──────── Stored data ────────
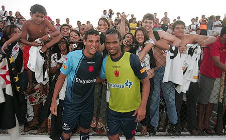 Torcida do Vasco faz a festa com jogadores em Natal
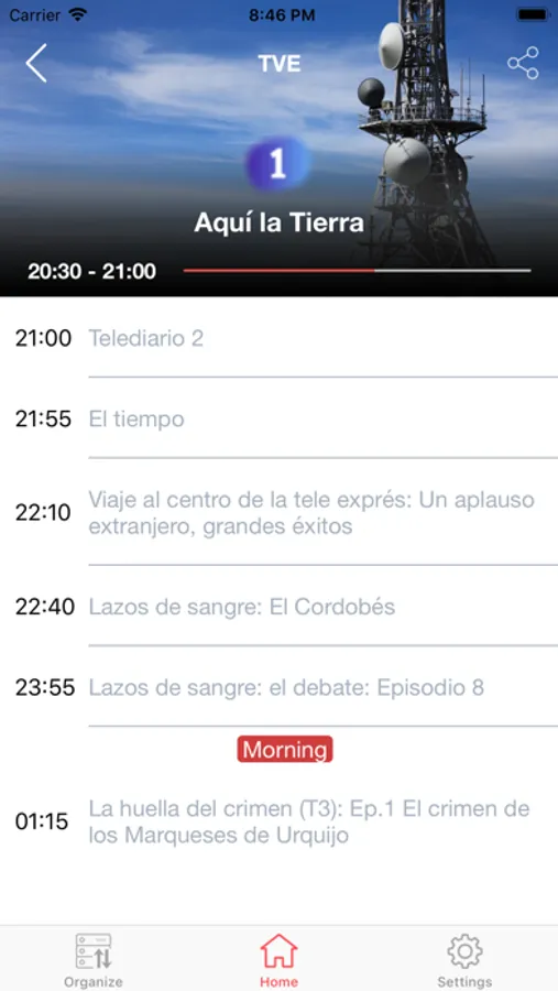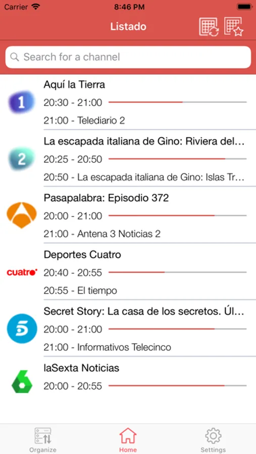 Busca de una manera rápida a que hora retransmite la programación que elijas.
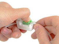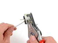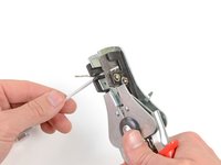 Squeeze the wire stripper to remove the outer cord tubing, revealing wire strands beneath.
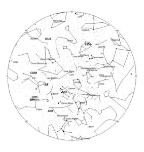 The last of the eta Hydrids (EHY) may appear this week. The radiant is currently located at 09:56 (149) -02. This area of the sky lies in western Sextans, 3 degrees southwest of the 4th magnitude star known as Ukdah (alpha Sextantis). This radiant is best placed near 0400 LST, when it lies highest above the southern horizon. Rates should be less than 1 no matter your location. With an entry velocity of 61 km/sec., most activity from this radiant would be of appear medium-fast.
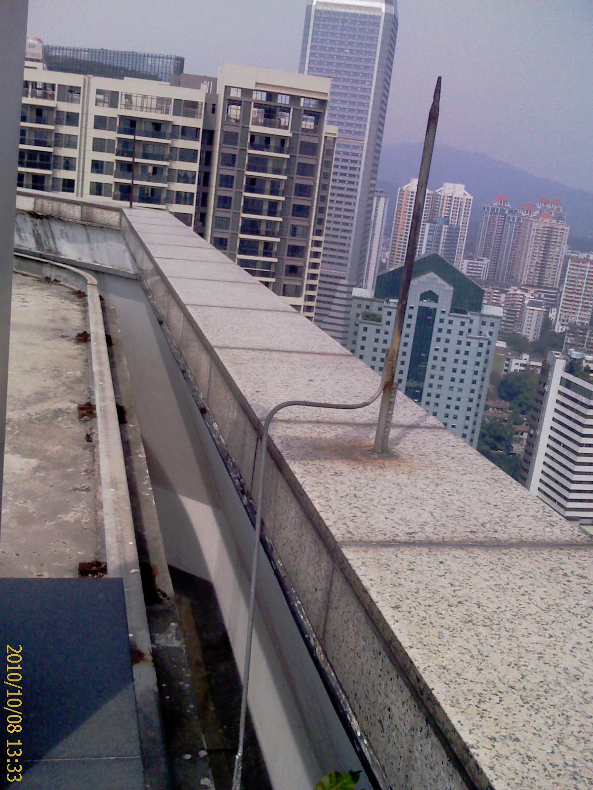 第二種情況原結(jié)構(gòu)會做內(nèi)部防雷,就是用主體結(jié)構(gòu)的鋼筋作為引下線,這種情況下我們可以把引下線接在接閃器上,可能接閃器不夠,所以這個時候可以多增加幾個接閃器,做在支架系統(tǒng)的立柱上。接閃器安裝如下:
────────
In the copy, include no pictures; restate the listing above exactly.

**Answer**:
 Torcida do Vasco faz a festa com jogadores em Natal
 Busca de una manera rápida a que hora retransmite la programación que elijas.
 Squeeze the wire stripper to remove the outer cord tubing, revealing wire strands beneath.
 The last of the eta Hydrids (EHY) may appear this week. The radiant is currently located at 09:56 (149) -02. This area of the sky lies in western Sextans, 3 degrees southwest of the 4th magnitude star known as Ukdah (alpha Sextantis). This radiant is best placed near 0400 LST, when it lies highest above the southern horizon. Rates should be less than 1 no matter your location. With an entry velocity of 61 km/sec., most activity from this radiant would be of appear medium-fast.
 第二種情況原結(jié)構(gòu)會做內(nèi)部防雷,就是用主體結(jié)構(gòu)的鋼筋作為引下線,這種情況下我們可以把引下線接在接閃器上,可能接閃器不夠,所以這個時候可以多增加幾個接閃器,做在支架系統(tǒng)的立柱上。接閃器安裝如下:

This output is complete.